The data -
-.-.-

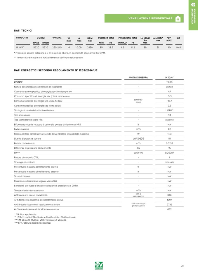 ** UVR-U: Unità di Ventilazione Residenziale - Unidirezionale.
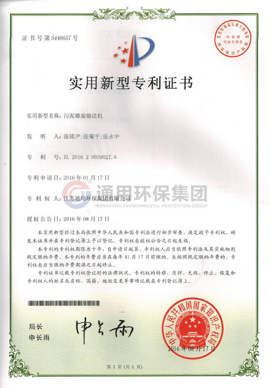 污泥螺旋输送机实用新型专利
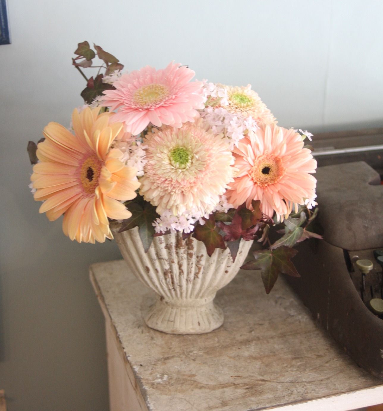 マットな質感をもつ、ふわっとしたパウダーカラーのガーベラを集めてアレンジしました。こんなニュアンスカラーであしらうと、ガーベラも柔らかでやさしい表情に。淡い色合いなので、若い方へお届けするお供えの花としても使えます。
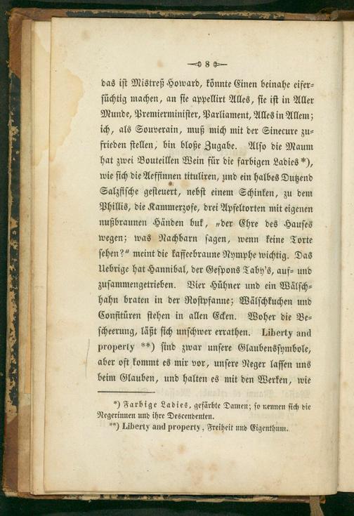 *) Farbige Ladies, gefärbte Damen; ſo nennen ſich die Negerinnen und ihre Descendenten. **) Liberty and property, Freiheit und Eigenthum.
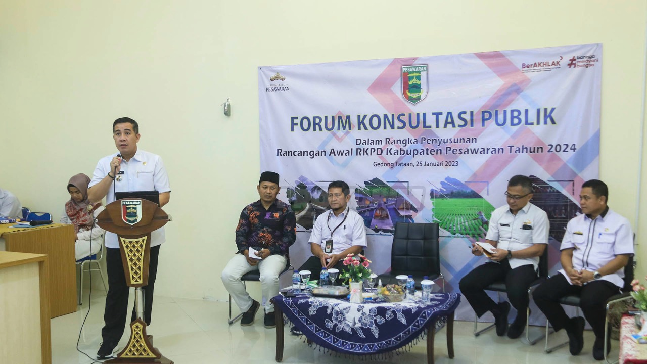 Pesawaran, SIBER88.CO.ID_ Bupati Pesawaran H. Dendi Ramadhona K,ST.M.Tr.I.P. hadiri rangkaian acara Konsultasi Publik Rancangan Awal RKPD Kabupaten Pesawaran Tahun 2024 yang berlangsung di Ruang Pesawaran One Center (Rabu, 25/1/23)
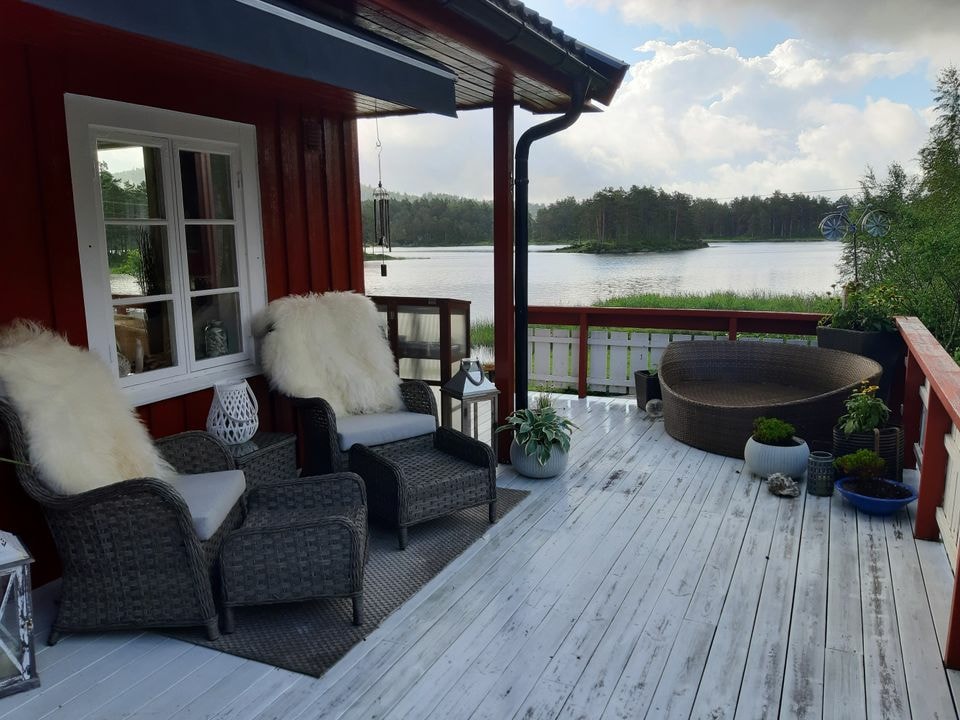 Il cottage è dotato di un accogliente soggiorno con vista spettacolare, una cucina completamente attrezzata e una spa dove potersi rilassare dopo una lunga giornata. Ci sono due camere da letto con letto matrimoniale e un soppalco con quattro buoni materassi. Inoltre, c'è un lettino per bambini. All'esterno, ti aspetta una grande terrazza dove potrai goderti la vista mozzafiato. Il cottage è circondato da una natura lussureggiante con possibilità di escursioni nella zona, e dal lago appena sotto il cottage si può navigare, pescare e nuotare. È possibile noleggiare una barca con motore elettrico. SUP e canoa sono gratuiti.
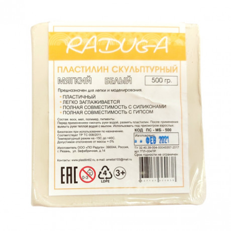 Пластилин скульптурный 500 гр. Радуга мягкий, белый ПСРЭ-БМ-500/1 ПСРЭ-БМ-500/1
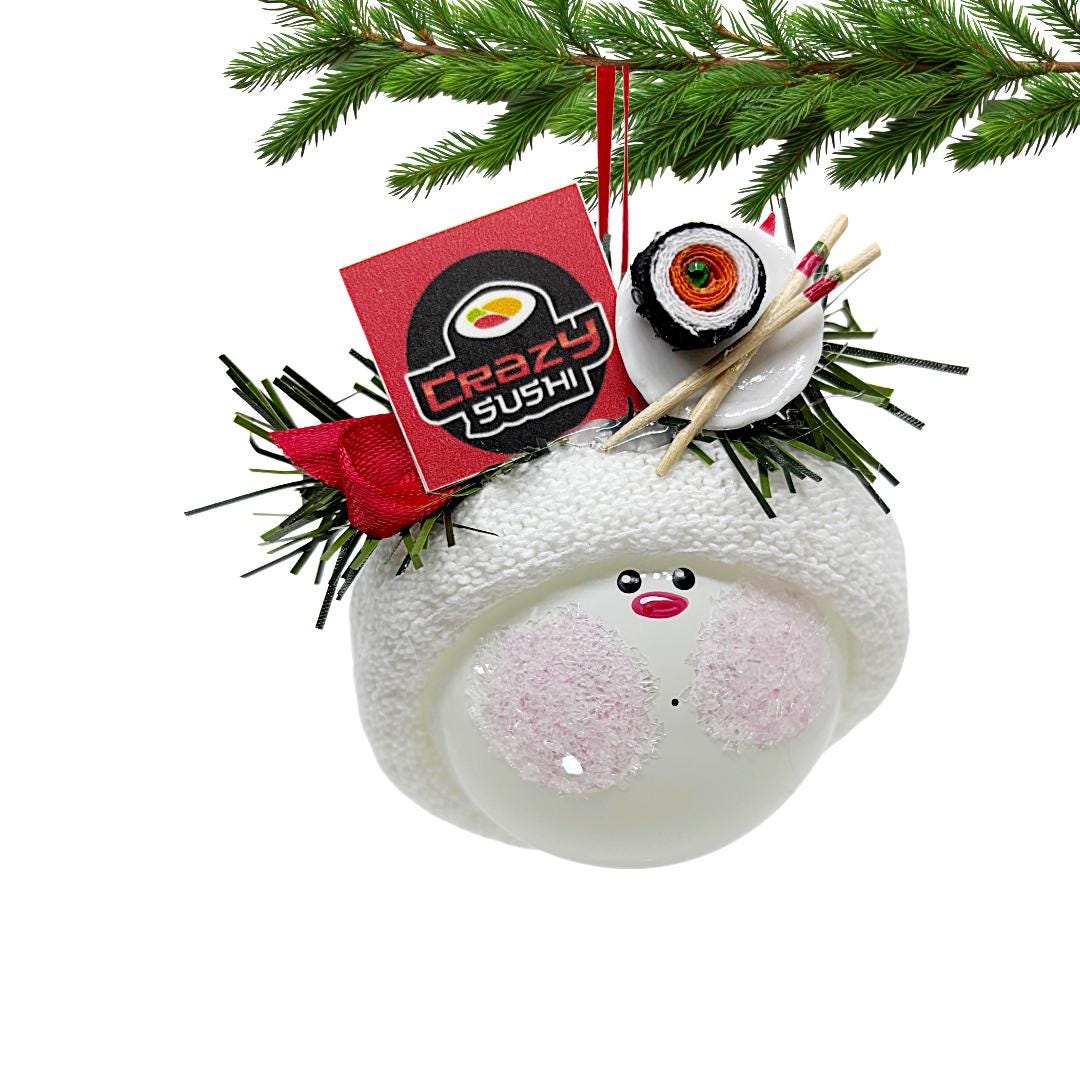 • Foodie Christmas Ornament – Hand Painted Sushi Roll with Chopsticks

-.-.-

Starting from the first line of the listing above, write out every line exactly through the one containing "Pesawaran, SIBER88.CO.ID_ Bupati", and drop the pictures.

Your solution -
 ** UVR-U: Unità di Ventilazione Residenziale - Unidirezionale.
 污泥螺旋输送机实用新型专利
 マットな質感をもつ、ふわっとしたパウダーカラーのガーベラを集めてアレンジしました。こんなニュアンスカラーであしらうと、ガーベラも柔らかでやさしい表情に。淡い色合いなので、若い方へお届けするお供えの花としても使えます。
 *) Farbige Ladies, gefärbte Damen; ſo nennen ſich die Negerinnen und ihre Descendenten. **) Liberty and property, Freiheit und Eigenthum.
 Pesawaran, SIBER88.CO.ID_ Bupati Pesawaran H. Dendi Ramadhona K,ST.M.Tr.I.P. hadiri rangkaian acara Konsultasi Publik Rancangan Awal RKPD Kabupaten Pesawaran Tahun 2024 yang berlangsung di Ruang Pesawaran One Center (Rabu, 25/1/23)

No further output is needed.